## What to work on:
Please print the full listing below exactly, but not the pictures in it.

## Provided data:
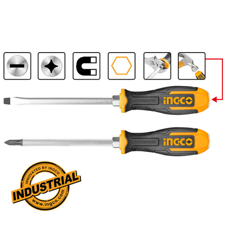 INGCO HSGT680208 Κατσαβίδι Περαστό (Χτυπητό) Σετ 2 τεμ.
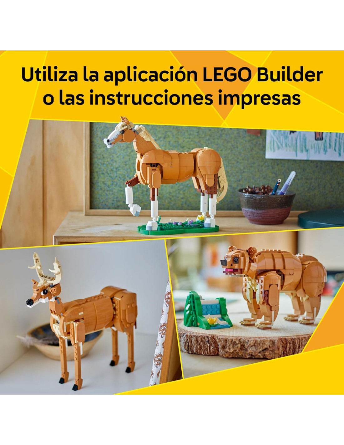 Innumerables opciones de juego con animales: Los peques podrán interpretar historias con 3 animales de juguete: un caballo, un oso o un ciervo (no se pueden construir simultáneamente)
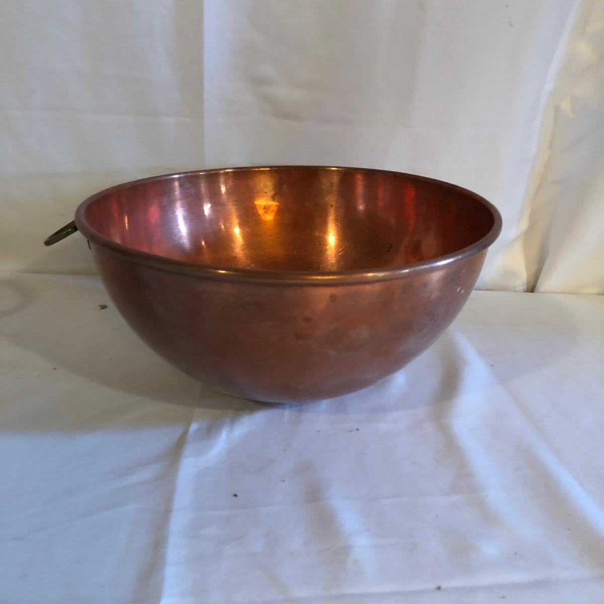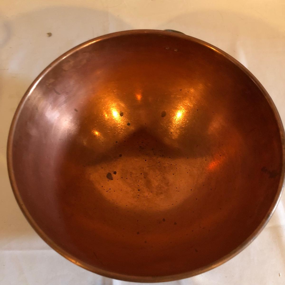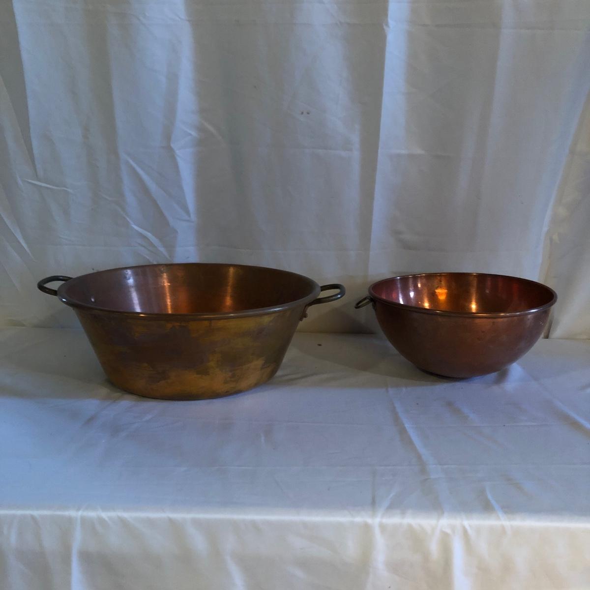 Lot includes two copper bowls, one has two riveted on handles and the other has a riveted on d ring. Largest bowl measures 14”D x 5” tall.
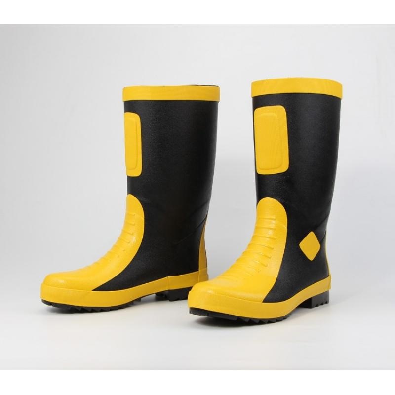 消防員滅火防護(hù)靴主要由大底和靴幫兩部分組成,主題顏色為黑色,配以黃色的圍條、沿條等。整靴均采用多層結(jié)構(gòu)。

## Exercise solution:
 INGCO HSGT680208 Κατσαβίδι Περαστό (Χτυπητό) Σετ 2 τεμ.
 Innumerables opciones de juego con animales: Los peques podrán interpretar historias con 3 animales de juguete: un caballo, un oso o un ciervo (no se pueden construir simultáneamente)
 Lot includes two copper bowls, one has two riveted on handles and the other has a riveted on d ring. Largest bowl measures 14”D x 5” tall.
 消防員滅火防護(hù)靴主要由大底和靴幫兩部分組成,主題顏色為黑色,配以黃色的圍條、沿條等。整靴均采用多層結(jié)構(gòu)。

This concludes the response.